Come un fiume in piena contenuto per troppo tempo, straripa il racconto di un mondo e dei suoi dolori: «Siamo stanchi – spiegano gli ex alieni – di aspettare settimane o mesi per discutere nelle commissioni partecipative i problemi che viviamo ogni giorno sulle linee di montaggio. E, poi, non cambia nulla». Alle ragazze e ai ragazzi che vivono nell’astronave sembra una beffa quell’espressione «messa in libertà», la libertà usata dalla Fiat per lasciarli senza lavoro. Vorrebbero passare dalla condizione di sudditi a quella di cittadini, raccontano le loro storie, non ci stanno a essere considerati «integrati», pezzi dell’azienda e non si accontentano più di esibire – come vanta la Fiat – la tuta di lavoro nelle passeggiate in città: «E se non avessimo avuto il tempo per togliercela?». Soprattutto non ne possono più dei lunghi turni notturni, della flessibilità, del dover recuperare con la fatica qualunque inconveniente tecnico. E di essere «soli», di non poter mai affrontare le cose comuni in gruppo. Al massimo una prece individuale, sperando nel buon cuore del capo.

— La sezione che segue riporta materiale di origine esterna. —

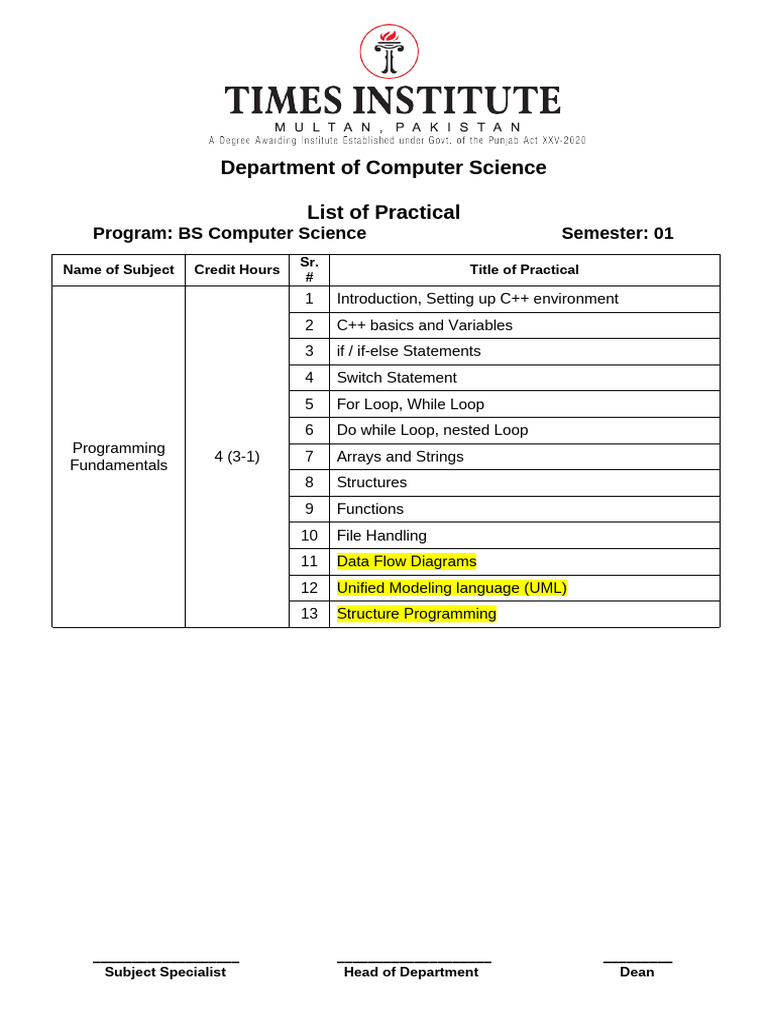 COURSE_OUTLINE_BS_Computer_Science | PDF | Computer Program | Programming

Dopo ventun giorni di sciopero a oltranza, blocco dei cancelli, manifestazioni, diciotto ingiunzioni di sgombero della magistratura, un paio di cariche della polizia, alla fine ce la fanno. Niente più doppio turno notturno, conquistati aumenti salariali e un ruolo contrattuale alle Rsu in fabbrica. Per Melfi è una liberazione, un vero 25 aprile.